Угроза его не взволновала. Роуэна больше обеспокоило упоминание о «Сверхклинке Северной Мерики».
– Убейте его – так у нас будет меньше хлопот, – приказала серп одному из гвардейцев. – Потом оживим.
– Есть, ваше превосходительство!
– Превосходительство? – повторил Роуэн. Так обращались только к Верховным Клинкам. И тут наконец до него дошло, кто эта женщина. – Верховный Клинок Западмерики Пикфорд! – не веря самому себе, воскликнул он. – Ваш регион теперь тоже под властью Годдарда?
Ее лицо побагровело от злости. Значит, он догадался правильно.
– Ух с каким удовольствием я бы вообще не стала оживлять тебя! – выплюнула Пикфорд. – Но это не мне решать. – Она обратилась к держащим Роуэна гвардейцам: – Постарайтесь без крови – тут ее сегодня и так пролилось достаточно.
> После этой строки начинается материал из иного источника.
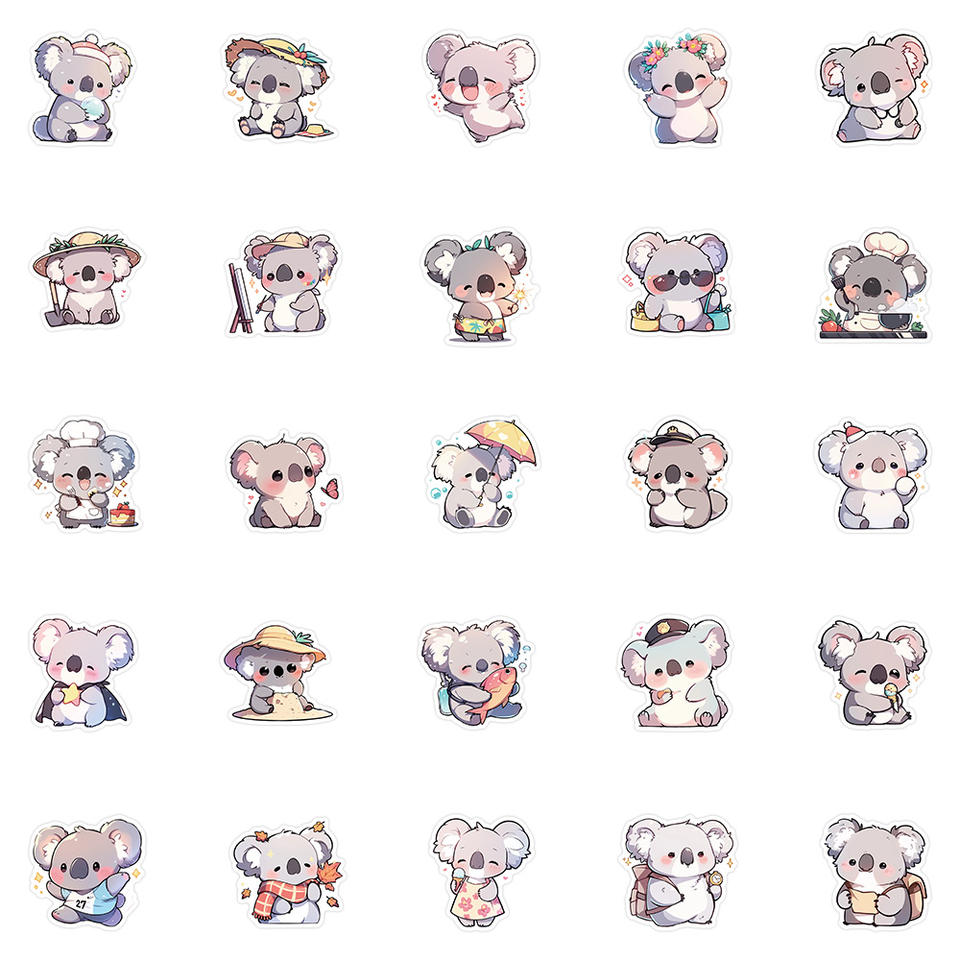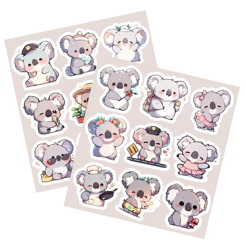 54 pièces/feuille dessin animé Koala autocollants Pack personnalisé étanche vinyle Animal mignon Koala ours autocollants imprimer Kawaii Journal Scrapbook
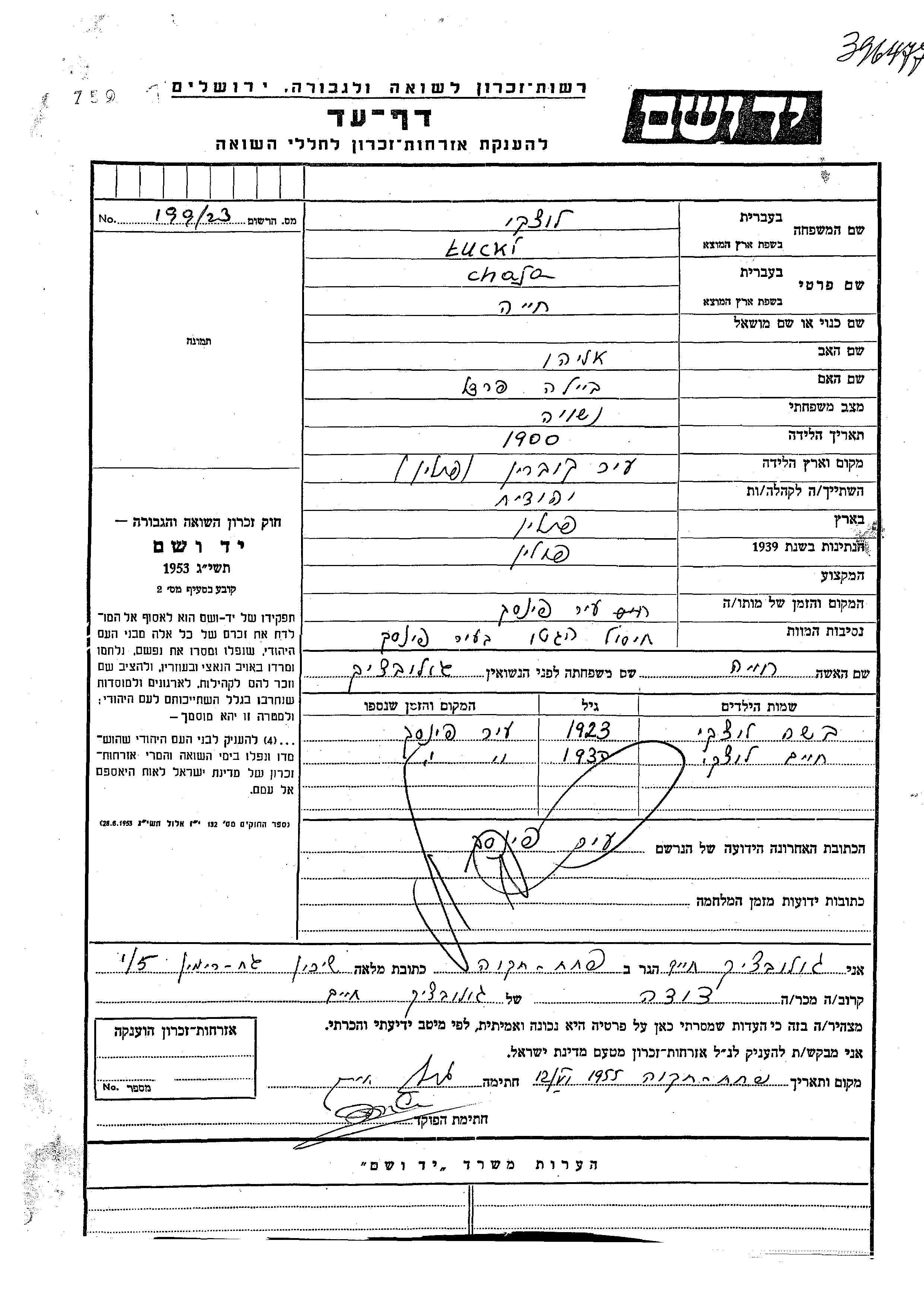 Луцки Хаим 1930 Пинск, Польша Лист свидетельских показаний
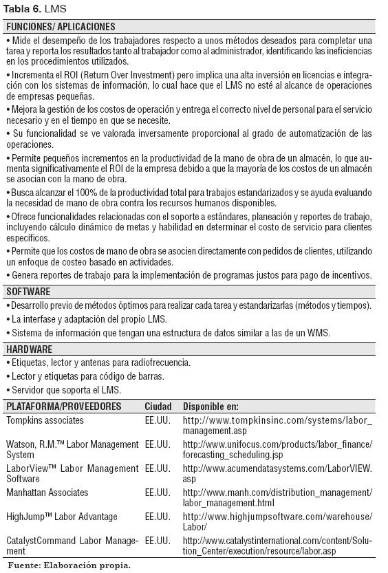 En la Tabla 6 se identificó que el LMS se enfoca en mejorar la productividad del almacén a través de la adecuada programación, seguimiento y control del personal y recursos que participan en sus actividades. Adicionalmente se observó que sus funcionalidades en algunas ocasiones son incluidas en sistemas WMS robustos, como es el caso de Tecsys Latin America en Colombia que ofrece el WMS y LMS dentro del mismo software. Cabe destacar que la mayoría de proveedores identificados de esta tecnología se ubican en los Estados Unidos.
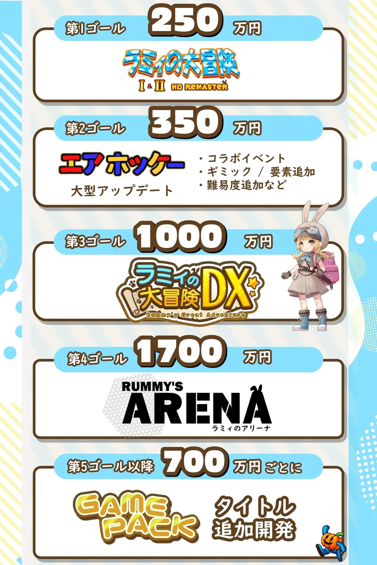 2025/09/26 16:22お世話になっております。GAMEPACKおよびプロジェクト運営チームです。このたび、本クラウドファンディングのプロジェクトの完遂を報告させて頂きます。完遂にたどり着けたのは、ひとえに支援してくださった皆さまのおかげです。心より感謝申し上げます。せっかくの機会ですので、今回は単なるご報告にとどまらず、開発の裏側や次回作DX、今後の活動について、統括の新田からお話しさせていただければと思います。■「 ラミィの大冒険 1&2 リメイク 」開発の裏側を少しだけ先週(9/18)に「ラミィの大冒険1&2(switch版)」が無事リリースされましたが、実はsteam版も含めたラミィの開発は最初から波乱万丈でした。なぜならソースコードも資料も一切残っていなかったからです。エアホッケーもそうですが、当時の開発メンバーは全員退職。残されたのはゲームデータのみでした。ゲーム情報の調査から解析、プレイをひたすらに行ってラミィを知る事から始まった開発でした。実はファンの方がまとめてくださった攻略サイトにも助けられていたりもします。素材については、データを抜き出し、AIでドット絵を高画質化。時には足りないところをうまく書き足したりもして、用意を進めていきました。そして、並行して新たな言語(unity)で開発したダンジョンRPGエンジンへ、集めたデータや素材を乗せ、ラミィプロトタイプが完成しました。ここからは原作の挙動を見ながら触りながら、原作の再現に徹しました。ゲーム機の仕様や開発言語が異なる事から再現が難しいものもいくつかありましたが、高い再現度で作れた…のではないでしょうか。評価は皆さんにお任せ致します。その後、着々と開発を進めていき、無事各プラットフォーム審査へ進みましたが何度もはねのけられました。何度もごもっともな不具合や不備を突き付けられ、少しだけ挫けそうになりました。風の噂でゲームの審査はそこまで厳しくない…と囁かれていましたが、そんなことはありません。審査員の方々はしっかりみっちり審査されており、立派な門番として君臨しています。ですが、突きつけられる指摘を一つひとつ解決し、最終的に審査を通過した時の喜びはひとしおでした。予定の8月からは若干遅れてしまいましたが、皆さんに提供出来てホッとしております。完成した作品にはストーリー追加、オンラインランキング、図鑑、カラー変更など新要素を詰め込みました。カラー変更はデータを抜き出した際にうまい事工夫すれば、色違いを量産出来る事が気が付いて実装が決まったり、オンラインランキングもエアホッケーのランキングをベースに移植すれば工数が抑えられるのでは…というところから実際に抑えられたのでさっと実装してみたり…と、閃きや工夫で期間内に対応した背景があったりします。ただストーリーと図鑑は気合いで実装しています。そして、図鑑では、これまで語られなかったラミィの世界観や設定も記されています。ラミィの友達のオウムの名前「ラパン」、ラミィの父「ウィリアム・フォセット」など、次回作DXへつながる布石も一部あります。私の個人的なオススメはDXに全然関係ないですが「ツノトカゲ」の設定です。是非注目してみて頂ければと存じます。◆エアホッケー×キヨ猫コラボについてコラボということで、あまり大きくはこちらのプロジェクト報告には書けないのですが、最後なのでお許しください、という事でお話しさせて頂きます。前回のonちゃんコラボから気づかれた方もいるかもしれませんが、実は「北海道縛り」でコラボ先を選定していました。その中で真っ先に浮かんだのが、エアホッケーを一躍有名にしてくださった北海道出身の絶対王者ゲーム実況者「キヨ」さんです。善は急げ、ということで、思いついた日に連絡を行ってみたところ、前向きなお返事をいただき、今回のコラボを実施する流れになりました。実際、キヨさんご自身の動画内でも語られている通り「キヨ猫、エアホッケーに出しませんか?」という軽い一言から始まった話でありながら、結果として実現まで至れたことには、私たち自身が一番驚いていたりします。その影響力は凄まじく、Xでトレンド入りするほどの盛況ぶりを見せ、支援者の皆様も驚かれたのではないでしょうか。ただ…キヨさんのエアホッケーの腕前は“異常”としか言えず、絶対王者モードは苦戦必須だろうと想定していたのに、あっさりとクリアされてしまいました。もっと難易度を上げてもよかったのでは…と後悔する一方で、一般の方々にとっては十分に手ごわい難易度ですので、結果的にはこれで良かったのだと思っています。なお、この「キヨ猫コラボ」は12月下旬まで遊び放題となっています。是非お時間のある時にアクセスし、絶対王者のキヨ猫に挑んでいただければ幸いです。◆次回作DXの予定について実を言うと、次回作「ラミィの大冒険DX」については、すでにシナリオのプロットや世界観の設定が完成してお
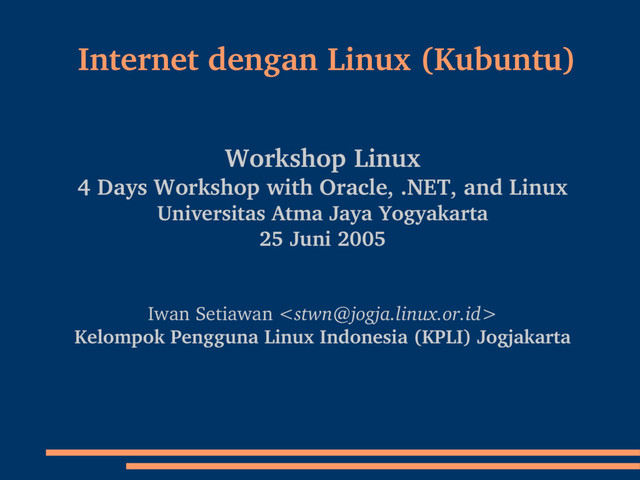 Oracle, .NET, and Linux Universitas Atma Jaya Yogyakarta 25 Juni 2005 Iwan Setiawan <[email protected]> Kelompok Pengguna Linux Indonesia (KPLI) Jogjakarta
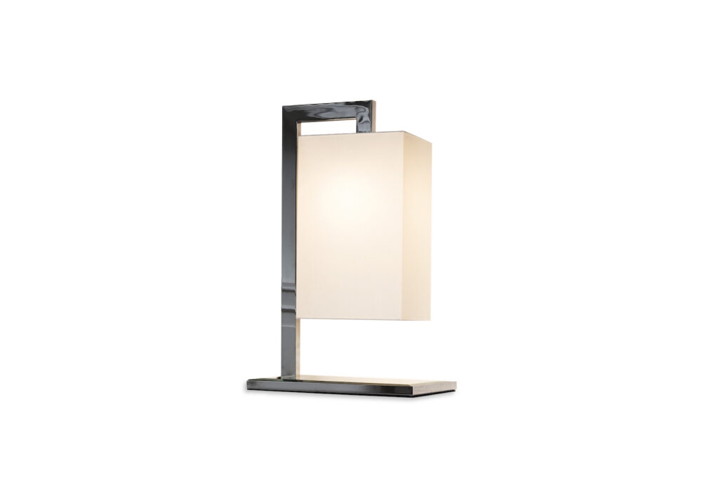 Coco Deluxe designed by Tristan Auer for Contardi is a table lamp with quadrangular base and metal structure in polished nickel finish. The lampshade is quadrangular in shape and shields an LED light source. Coco Deluxe is available in different dimmable versions.
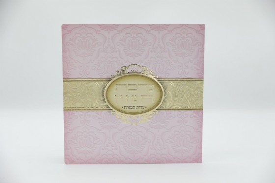 כריכה קשה מעוטרת עם טקסטורה דמוי תחרה בגוון ורוד עדין, המשדרת יוקרה ואלגנטיות.
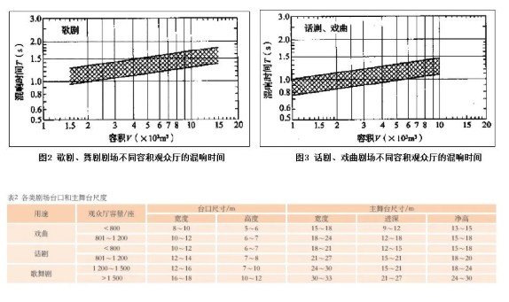 不同功能劇場(chǎng)的混響時(shí)間,GB/T50356—2005《劇場(chǎng)、電影院和多功能廳堂建筑聲學(xué)設(shè)計(jì)規(guī)范》(以下簡(jiǎn)稱(chēng)GB/T 50356—2005)中均有規(guī)定,詳見(jiàn)圖2、圖3,以戲曲功能為主的劇場(chǎng),在相同容積下,其觀眾廳混響時(shí)間較其它功能劇場(chǎng)低。同時(shí),舞臺(tái)建設(shè)依據(jù)JGJ 57—2016《劇場(chǎng)建筑設(shè)計(jì)規(guī)范》,臺(tái)口和主舞臺(tái)尺度如表2,舞臺(tái)的空間通常比較大。因此,大空間的舞臺(tái)與規(guī)模不大的觀眾廳的聲耦合,也是聲學(xué)設(shè)計(jì)中需要考慮的問(wèn)題。
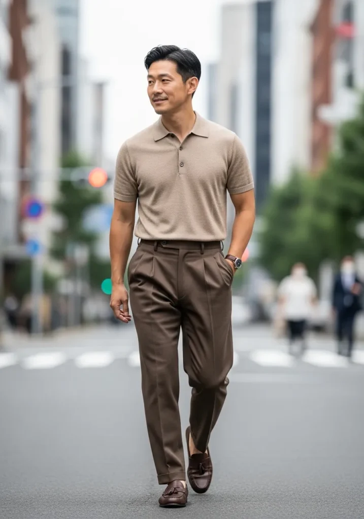 This outfit feels refined but still relaxed in the best way. He is wearing rich brown pleated trousers with a clean tailored cut that drapes smoothly down the leg. The subtle pleats add shape and a bit of classic structure without looking old fashioned. On top, a soft taupe knit polo brings warmth and texture, tucked in neatly for a polished finish. Dark brown leather loafers complete the look and tie everything together beautifully.
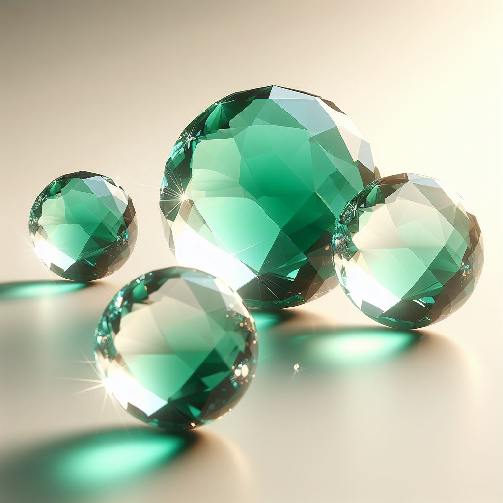 Three green crystal spheres sit on a light-colored surface. The largest sphere is in the center, and the two smaller spheres are on either side.
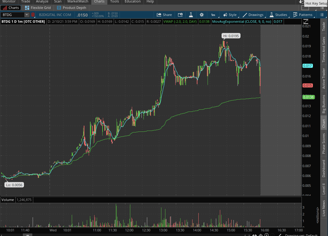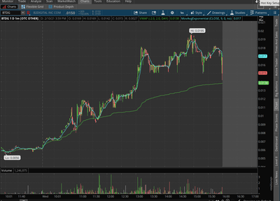 Entry comments: Holding its gains well and even breaking out a little so I'm taking bigger position, goal is for it to retest day highs today or tomorrow, not sure if I'll hod overnight, gotta see how it acts into power hour but biggest % gainer and most volume on my entire watchlist so it's a screaming first green day OTC play with a solid news catalyst
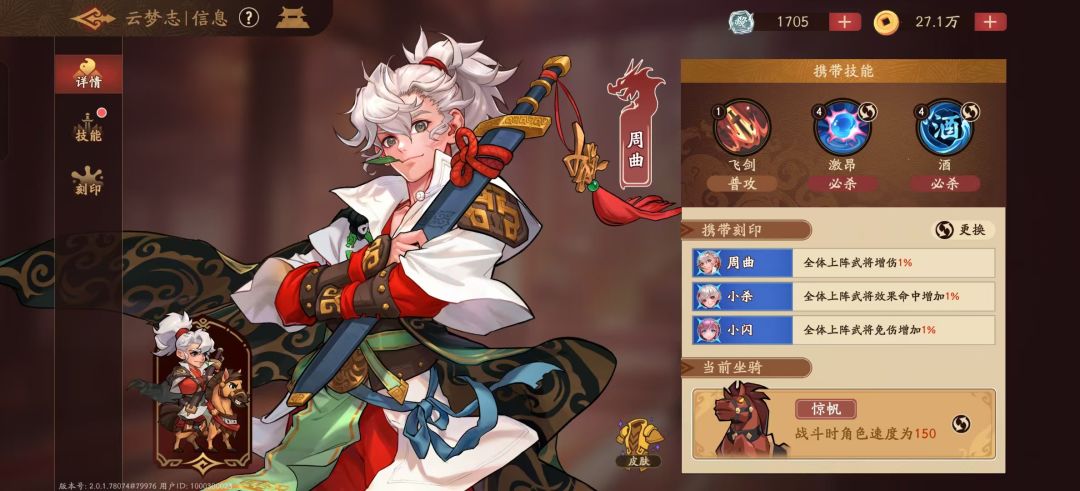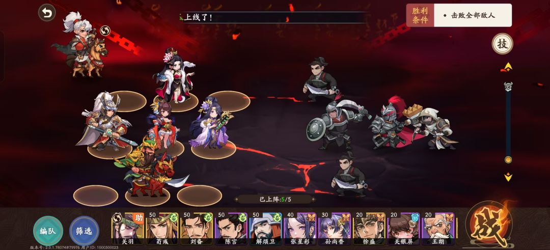1.主角:主角请务必将游历打到至少获得130速度的坐骑的程度,主角动的比大佬角色还慢,大佬的关羽就会没火用。技能带激昂或者酒都可以
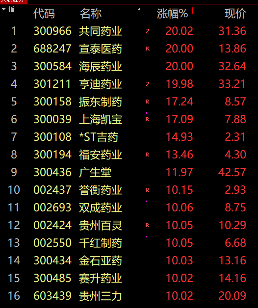 此外,盘面看,以抗病毒为首的医药股再次掀起涨停潮,以岭药业拉升涨停,股价刷新创历史新高,总市值超800亿。共同药业、宣泰医药、海辰药业、千红制药、新华制药、贵州百灵等近20股涨停,上海凯宝、亨迪药业、广生堂、福安药业等11%。

Один из гвардейцев задушил его, добавив к длинному ряду неприятных смертей Роуэна еще одну.
●●●
Серп Поссуэло обнажил нож в ту же секунду, когда увидел серпов, одетых не в традиционные для Амазонии зеленые мантии. К черту закон, по которому серпам запрещено нападать друг на друга! И пусть его потом наказывают, дело стоит того. Но когда за спинами других серпов появилась Верховный Клинок Западмерики, Поссуэло передумал. Он быстро сунул лезвие обратно в ножны, оставив, однако, свой острый язык разить вместо него.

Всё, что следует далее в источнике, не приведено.